Material to process ::
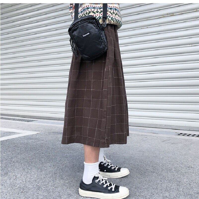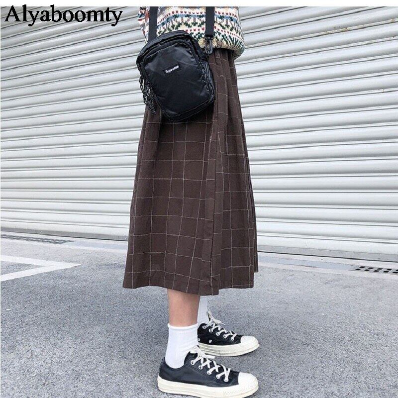 送料無料୨♥୧ スタイルオータムウィンターレディースミディスカート ウェストブラック格子柄ヴィンテージロング 秋物 冬物 ビンテージ AOS33678069419
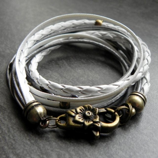 Bransoletka w stylu boho, wykonana została z rzemieni ze skóry naturalnej i ekologicznej, drobnych hematytów oraz elementów w kolorze antycznym. Będzie odpowiednia na nadgarstek 15-16,5 cm.
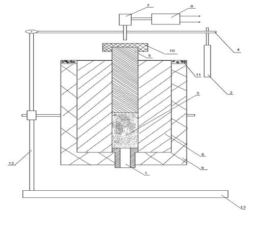 1-капилляр; 2-груз; 3-исследуемый образец; 4-рычаг; 5-шток; 6-камера (бомба); 7-датчик перемещения; 8-индикатор перемещения; 9-печь с электрообогревом; 10-теплоизулирующая шляпка; 11-съёмная крышка; 12-штатив; 13-опорная плита.
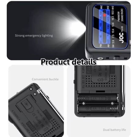 ✔ Functionalitate 3-in-1: radio FM/AM/SW + lanterna +
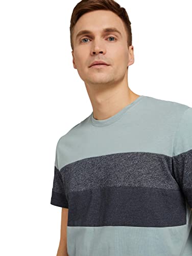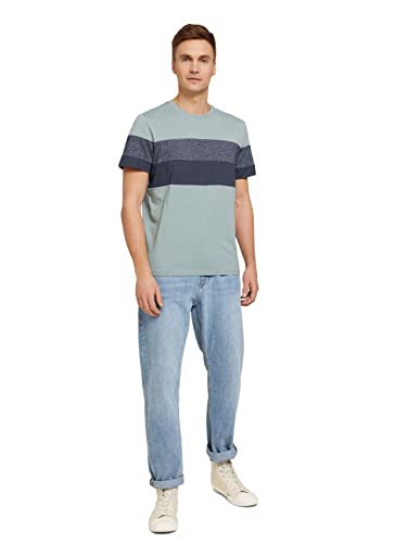 TOM TAILOR T-Shirt a Righe, Uomo, Verde (Dark Smoke Green 12960), S

Instructions to follow :: Your copy should consist solely of the lines from the line containing "FM/AM/SW + lanterna +" through the last line of the records above, reproduced exactly, with the pictures left out.

Response ::
 ✔ Functionalitate 3-in-1: radio FM/AM/SW + lanterna +
 TOM TAILOR T-Shirt a Righe, Uomo, Verde (Dark Smoke Green 12960), S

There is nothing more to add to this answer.